Il lui adressa, de son œil enflé, un clignement de connivence.

– Je souhaite qu'il en soit de même pour vous, trop belle dame ! Je vois qu'hier les planètes Vénus et Mars se sont heurtées au sein du firmament et que nous avons été tous deux victimes de cette mésentente des dieux...

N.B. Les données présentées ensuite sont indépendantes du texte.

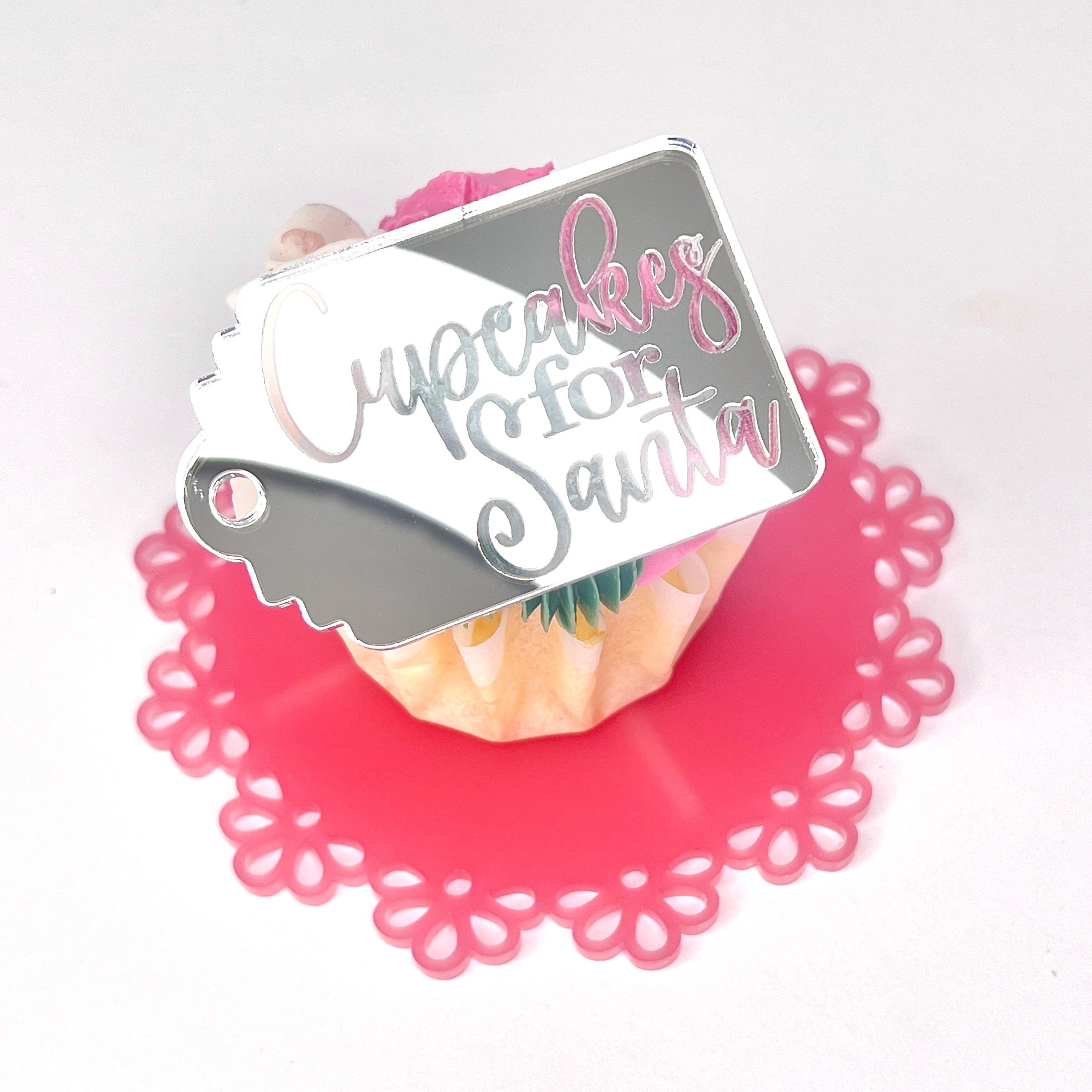 Acrylic Cupcake Topper Charms - Cupcakes for Santa Silver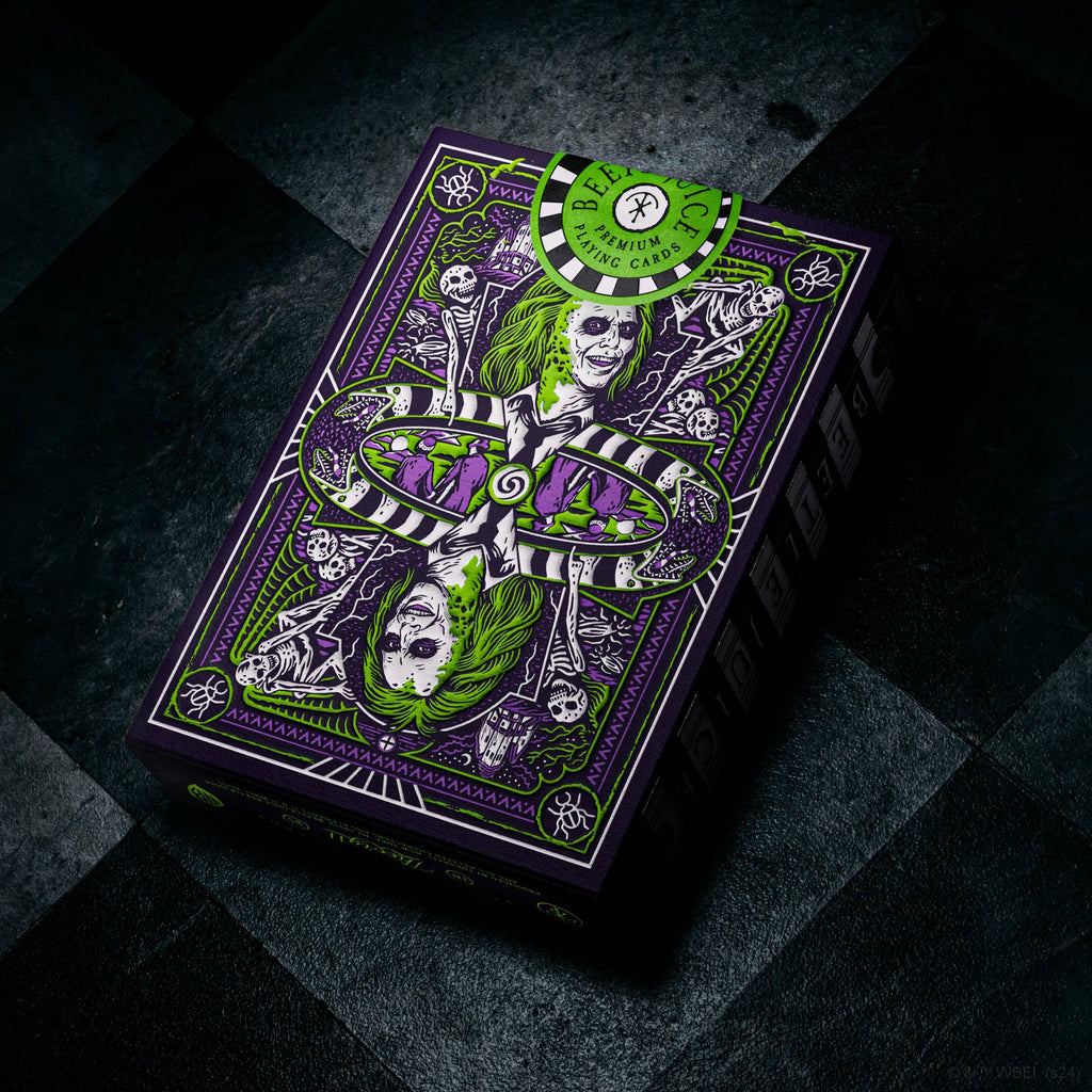 Go ahead, make our millennium with a must-have deck of cards for fans of the original classic and the long-awaited sequel! Featuring vibrant slime green and haunting purple accents, Beetlejuice is back from the dead and ready to exorcize your game nights!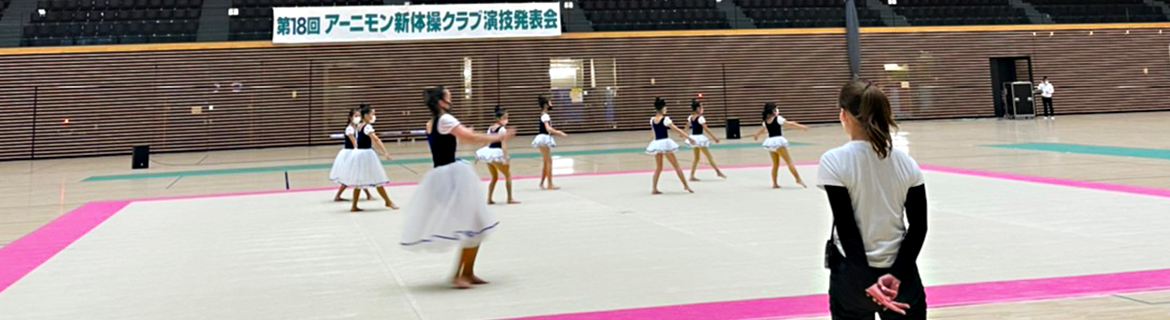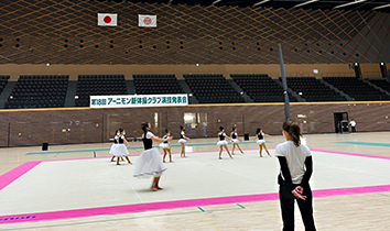 新体操の5種目を使って作品を踊り、年に1回の発表会に出ることを目指していきます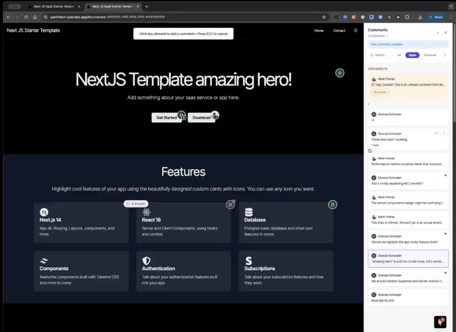 - What it does: Provides a Figma-like commenting experience directly on the live Multidev preview. Users can click on an element to leave contextual feedback.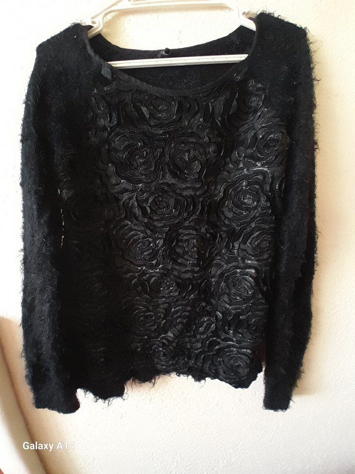 Uzun kollu, yuvarlak yakalı siyah örgü kadın kazak. Gevşek kesim ve dokulu çiçek deseniyle gotik tarzı tamamlar.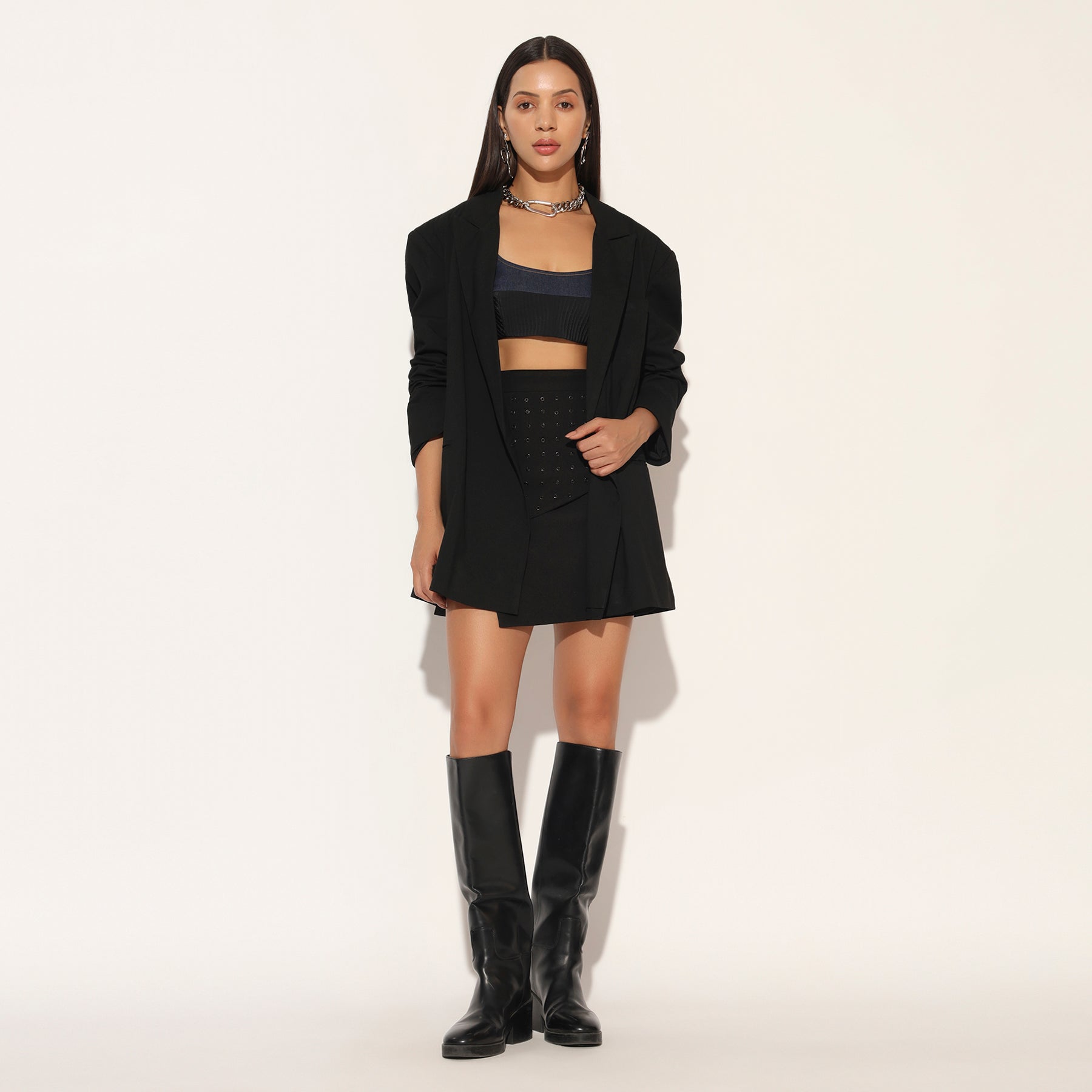 CHIC AND VERSATILE SKIRT WITH HAND DONE METAL EYELET DETAILING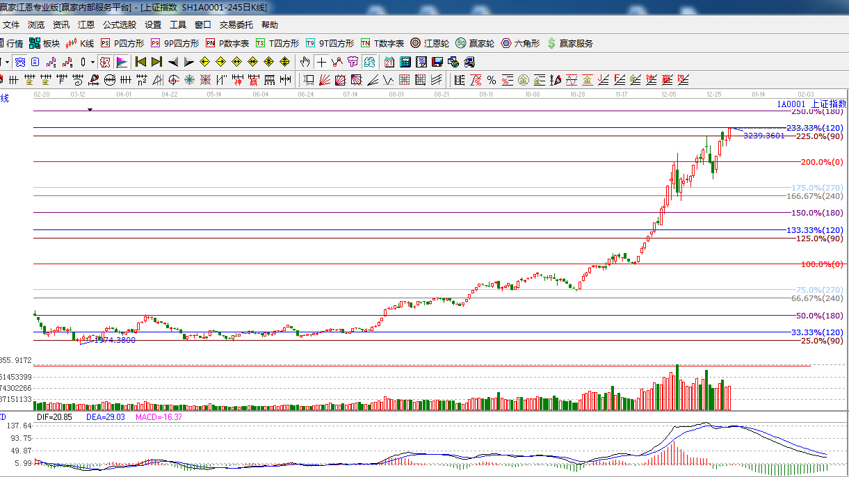 江恩看盤綜述:依據(jù)贏家江恩技術(shù)工具分析得出:2014年收官之日,金融、地產(chǎn)等權(quán)重股齊拉升,日K線圍繞江恩0度支撐震蕩兩天,再次走強(qiáng),90度支撐3186點(diǎn)此位置震蕩不破還有上升空間,操作上,藍(lán)籌股依然是炒作的主流,另外國資改革概念也可適當(dāng)逢低關(guān)注。
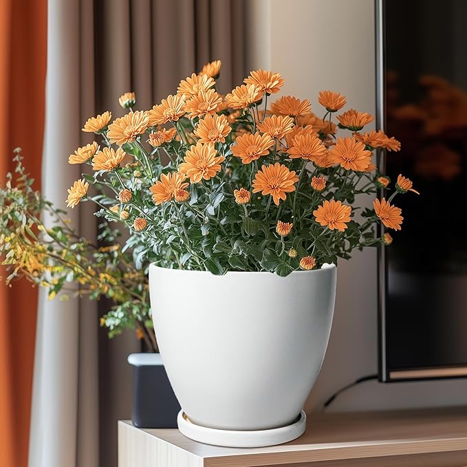 - Plant Pots with Drainage Holes and Saucers: The drainage holes can effectively remove excess water from the ceramic planter to avoid root rot; while the ceramic plant tray can catch excess water seeping out from the bottom of the ceramic flower pot to keep the home environment tidy

Angélique retint une grimace, ressentant une douleur sur le côté gauche de son visage. Elle en avait tant fait depuis le matin que son désespoir s'estompait. Par une réaction naturelle de sa nature indomptable, son optimisme reprenait le dessus, et la réflexion de Vaneireick à propos d'une mésentente entre les dieux de l'amour et de la guerre avait failli la faire rire. La voyant se familiariser :

– Écoutez, lui chuchota-t-il, je comprends l'amour, et je ne suis pas sévère pour les défaillances des jolies personnes, même quand ce n'est pas moi qui en suis le bénéficiaire. Désirez-vous que je vous donne des nouvelles de Barbe d'Or ?

Le visage d'Angélique se glaça et elle lui lança un regard de colère, humiliée qu'il la plaçât avec une désinvolture indulgente au rang des femmes légères, humiliée aussi pour le comte de Peyrac. Cette fois, la chose était certaine, les confidences de Kurt Ritz n'avaient pas été tenues secrètes. Tout le monde clabaudait au sujet de ses fredaines à elle et de ses déboires à lui.

Pourtant, tourmentée par le sort de Colin, elle ne put s'empêcher de murmurer du bout des lèvres :

– Oui !... Qu'est-il advenu de Barbe d'Or ?

– Eh bien, à vrai dire, nul n'en sait rien. Il a disparu !

– Disparu ?

– Oui ! Coïncidence ! Figurez-vous, il n'était pas à son bord quand nous avons attaqué sa nef et c'est son second qui a donc assuré toute la défense. D'aucuns racontent qu'il avait quitté le navire au cours de la nuit sur un petit canot, sans dire où il allait, ni quand il serait de retour. Il avait recommandé à son lieutenant Barssempuy de se tenir en vue de Gouldsboro, mais bien caché dans l'archipel, jusqu'à ce qu'il revienne lui-même donner d'autres ordres. Partait-il en reconnaissance pour essayer de voir par quels détours il pouvait attaquer cette fois l'établissement de Gouldsboro ? Mais nous l'avons pris de vitesse. Dès l'aube, le chébec de M. de Peyrac a débusqué le Cœur-de-Marie à l'ancre. Ça a été la poursuite, l'abordage, le corps à corps. Voilà ! Nous, de Gouldsboro, nous sommes vainqueurs ! Quant à Barbe d'Or, où qu'il se trouve, c'en est fini, je pense, pour longtemps de son hégémonie sur les mers et océans !

– Bien ! Je vous remercie, monsieur.